The big advantage of standard hydro is that it can cover for the emergency shut down of a nuclear power plant because it is both large and responsive. This advantage seems to be disappearing in some places as decadal scale changes in precipitation reduce the availabilty of hydro power and the flow rate of rivers used to cool nuclear power plants. Further, I've been thinking in the last week about the sustainability of using biochar for sequestration, worrying about the ability of terra preta to regenerate itself. Could there be a problem with soils becoming carbon sinks that will continue to reduce the atmospheric carbon dioxide concentration below 280 ppm because, once started, they continue to accumulate carbon on their own? We may want to make estimates of how much terra preta surface area should be created. In that context, your picture of retaining biochar as energy storage for decades seems a little like Joseph's interpretation of Pharaoh's dream. I wonder if there is a place for a strategic biochar reserve at some point in the future. This would clearly be a distributed reserve rather than centralized. I think, though, that as wind and solar begin to become our dominant energy sources, it may turn out that liquid hydrocarbon reserves will be produced using carbon dioxide and water as feedstocks wih less disturbance of natural ecosystems just because we are substantially more efficient than rooted plants at doing this. With Lake Mead projected to go dry within 14 years or so, rethinking the usefulness of large scale hydro as energy storage is probably in order.
Chris
Chris - you or EP are maybe good people to ask a couple of questions. What % of annual N hemisphere vegetation growth is agricultural? So what is the practical limit of "pumping down" CO2 by say converting to char x% of all agri waste?

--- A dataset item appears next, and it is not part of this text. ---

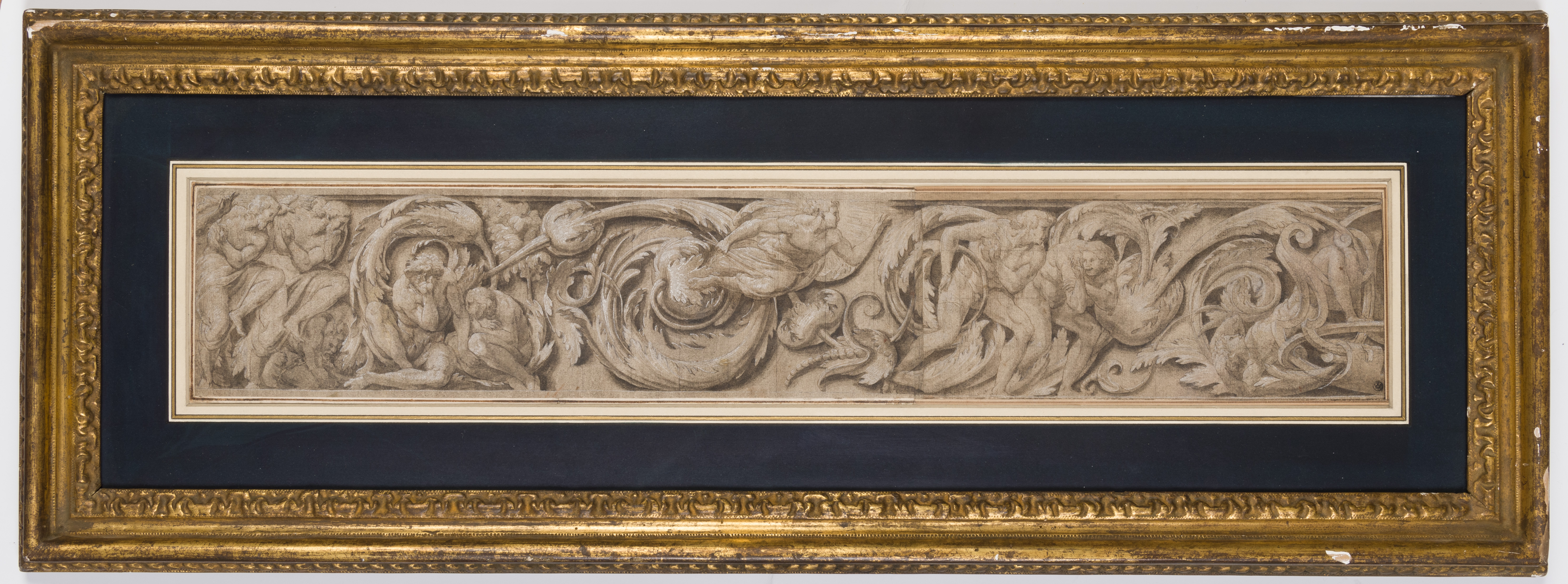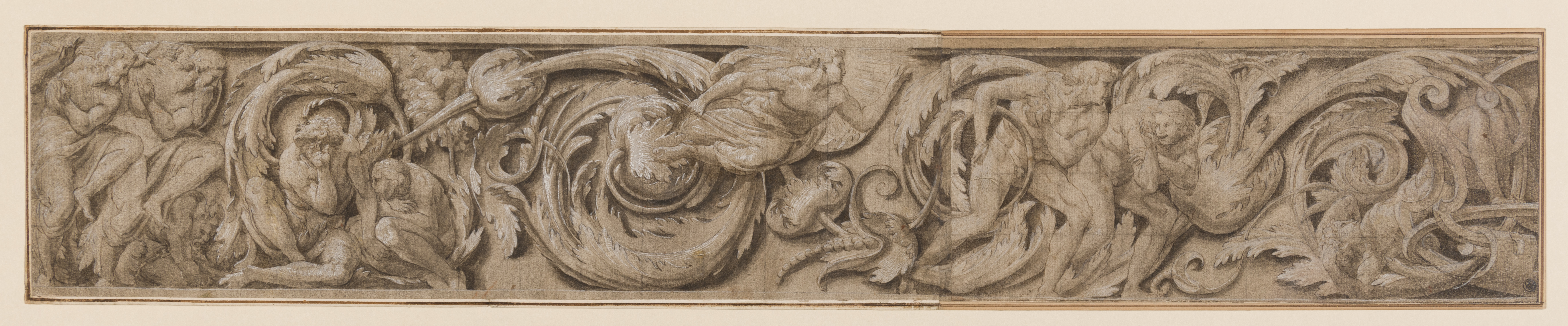 This highly finished drawing is a fine and typical example of Lelio Orsi’s technique as a draughtsman. Although unrelated to any surviving work by the artist, it may be grouped with several similar designs for frieze decorations by the artist, all for apparently the same project; in the Uffizi in Florence, the Musée des Beaux-Arts et d’Archéologie in Besançon, the Musée des Beaiux-Arts in Lille, and at Kingston Lacy in Dorset. All of these drawings depict figures among acanthus leaf scrolls with Biblical or mythological subjects. The present sheet is the largest of this group. Roberto Salvini has dated these drawings to c.1563, but Vittoria Romani has suggested an earlier dating to between 1554 and 1555, shortly after Orsi’s stay in Rome.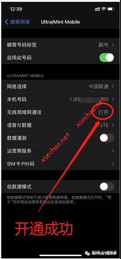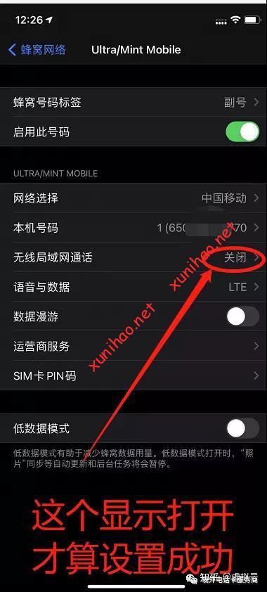 等待wifi calling生效过程中,时不时开关一下飞行模式或重启一下,如果看到如下图的WIFI通话开关正常打开就是成功了,成功后如下图,苹果手机顶部有Wi-Fi Calling字样,24小时还是不行就来找我们。

And how does spreading all this char into soil affect the oxidation state of the soil? Will filling your soil with char not create strongly reducing conditions as the char will eventually start to oxidise - using all available oxygen - creating a "stagnant pond"?
I'd just pile it up for barbecuing the last camel.
I don't know what fraction of growth is agricultural, but one can project from The Billion-Ton Vision that some 300+ million tons/yr of carbon (equivalent of 1.1 billion tons CO2) is available from various non-food plant matter already produced in the USA alone, and it may be possible to increase this substantially (1.3 billion dry tons @ 45% carbon is 585 million tons carbon, equivalent to ~2.1 billion tons CO2).
Note that there are several versions of "The Billion-Ton Vision" on the web, with different covers. I'm not sure how the contents differ; I'm citing the version linked from GCC (which also lists the authors prominently).
Almost not at all; the stuff appears to be stable on a scale of thousands of years. Normal soil carbon is lost far more easily.
Hi Euan,
I'm working on your first question now. I'll give you the estimates from the Climate Code Red report (on p. 58), these are worldwide I think. Citing Marris in Nature News 2006 442 624 they give 9.5 billion tonnes of carbon per year: http://www.nature.com/nature/journal/v442/n7103/full/442624a.html with a citation there to:
Lehmann, J., Gaunt, J. & Rondon, M. Mitigation Adapt.Strateg. Global Change 11, 403–427 doi:10.1007/s11027-005-9006-5 (2006). http://www.springerlink.com/content/etm7526m07672103/
This is more than we currently emit annually.
For crop wastes, another estimate they give is 1 billion tonnes per year from here: http://planetwork.net/climate/emergency.html
but this estimate does not seem be well supported.
On your second question, soils oxidize mostly through microbial action. One usually wants as much carbon in soil as possible because it grows plants very well, but agricultural activity provides oxygen to the soil and so the carbon decays and you need to add more. Grasslands continue to build up carbon through their continuing root formation.
http://www.sciencemag.org/cgi/content/abstract/314/5805/1598
This difference is the reason why biofuels produce more emissions that fossil fuels. If you need to disturb previously untilled soils because biofuel crops are displacing food crops, then all that soil carbon decays and enters the atmosphere. The thing about biochar is that it does not seem to be eaten much by microbes so that it remains in the soil without decaying as quickly as other biomass (manure, compost, dead roots etc.). This appears to also set up an ecology in the soil where carbon will be built up in deeper layers at least in the Amazon.
The amount of air in soil is dependent on its porosity. Biochar should add to this since it retains some of the structure of the original plant. This is why it buffers nitrogen and retains water. Since it is not itself decomposing much, it should not be creating anaerobic conditions though I think this could occur if the land converts to wetlands.
Not a full answer, but I'm still learning myself. One of the co-chairs of our EcoAction committee works with Danny Day so I'll be picking his brain as I go along.
I thought camels were better for milk and blood than for barbecue?
Chris